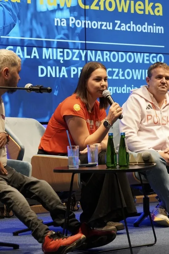 Goście zobaczyli także kilkuminutowy spot „Prawo do bezpieczeństwa” stworzony podczas tegorocznych obchodów przez Młodzieżowy Sejmik Województwa Zachodniopomorskiego oraz prezentację materiału filmowego z tegoroczny obchodów Międzynarodowego Dnia Praw Człowieka na Pomorzu Zachodnim 2025, a także wzięli udzial w panelu dyskusyjnym pn.: „Równe prawa, równe szanse – sport bez barier”. Głos w dyskusji zabrali: redaktor Radia Eska Mateusz Tomaszewicz, Emilia Spunda – amp futbolistka, bramkarka reprezentacji Polski, brązowa medalistka pierwszych Mistrzostw Świata w Kolumbii oraz przedstawiciele Klubu Inwalidów Sportowych „Start” Szczecin: Krzysztof Lechniak i Emilia Trześniowska.
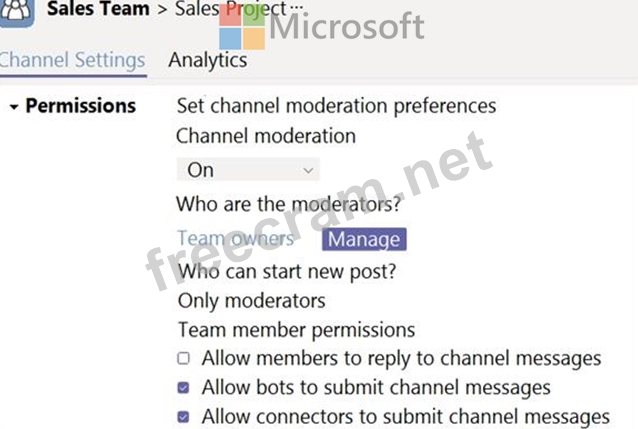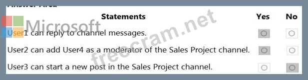 You create a channel named Sales Project and configure the Channel moderation settings as shown in the following exhibit.
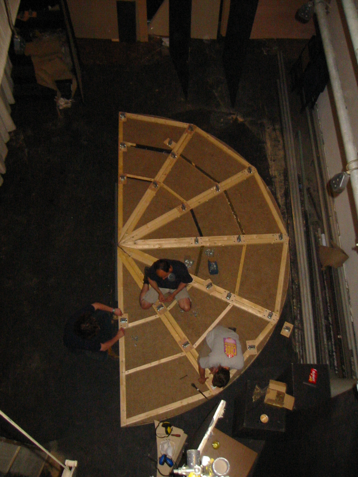 Meanwhile various stateroom flat frames were being skinned in the 3mm ply. Enough of these were done such that they could be assembled onto one of the revolves that had been flipped onto it's wheels to allow everyone to get an idea of the size of the staterooms and how they fit together with the various bits of bracing. This also proved that the formed center flats fit around the pivot pole in the manner expected.
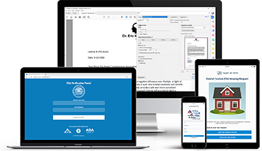 With your Official ESA™ approval from a licensed doctor in your state, you’ll have the security knowing you can take your pet with you everywhere you go and never have to leave them behind. You’ll eliminate pet restrictions and regulations by having federal HUD law on your side so you can live in any houses, condos, and apartments without any pet deposits or extra fees! Have the freedom to take your furry friend with you to restaurants, stores, on rideshare services, and bring them when you travel. You'll find businesses are happy to welcome well-behaved Official ESA™ approved pets. Click to order now!
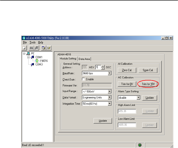 the ADAM utility software. (Please see "A/O 10 V Calibration"
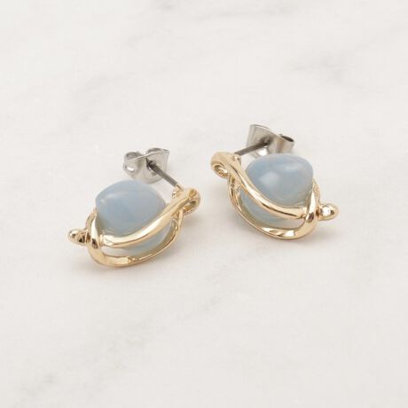 きれいなカラーリングのアクリルパーツをメタルで包み込んだようなデザインのピアス。
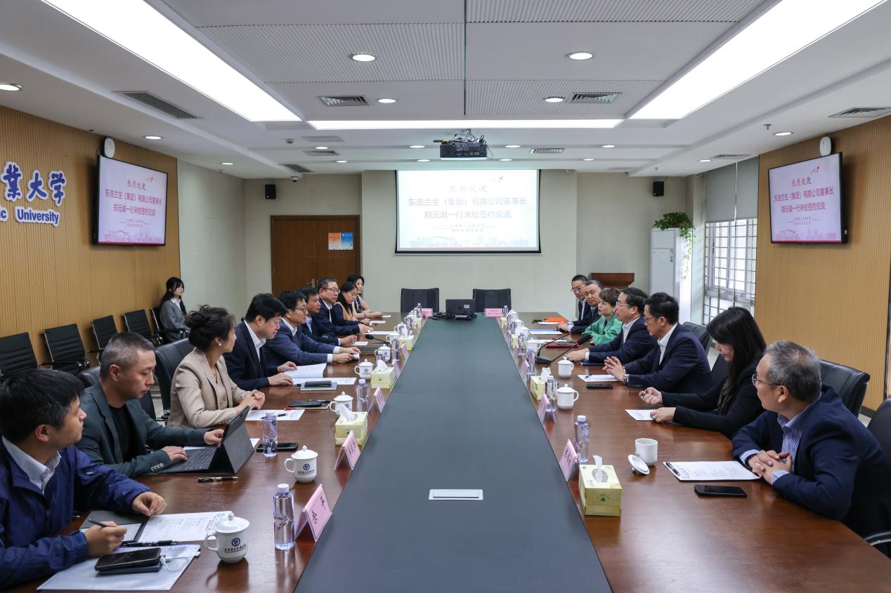 10月21日上午,东浩兰生(集团)有限公司党委书记、董事长郑元湖,党委副书记、总裁李栋,党委委员、副总裁周瑾等一行来校考察座谈并出席战略合作签约仪式。校党委书记陆敏、校长谢华清、副校长丁彬等接待了郑元湖一行。

* * * * *

> [Work instructions]:
Give back, unaltered, each line of the listing from the first to the line that contains "You create a", leaving every picture out.

> [Reply to the exercise]:
 Goście zobaczyli także kilkuminutowy spot „Prawo do bezpieczeństwa” stworzony podczas tegorocznych obchodów przez Młodzieżowy Sejmik Województwa Zachodniopomorskiego oraz prezentację materiału filmowego z tegoroczny obchodów Międzynarodowego Dnia Praw Człowieka na Pomorzu Zachodnim 2025, a także wzięli udzial w panelu dyskusyjnym pn.: „Równe prawa, równe szanse – sport bez barier”. Głos w dyskusji zabrali: redaktor Radia Eska Mateusz Tomaszewicz, Emilia Spunda – amp futbolistka, bramkarka reprezentacji Polski, brązowa medalistka pierwszych Mistrzostw Świata w Kolumbii oraz przedstawiciele Klubu Inwalidów Sportowych „Start” Szczecin: Krzysztof Lechniak i Emilia Trześniowska.
 You create a channel named Sales Project and configure the Channel moderation settings as shown in the following exhibit.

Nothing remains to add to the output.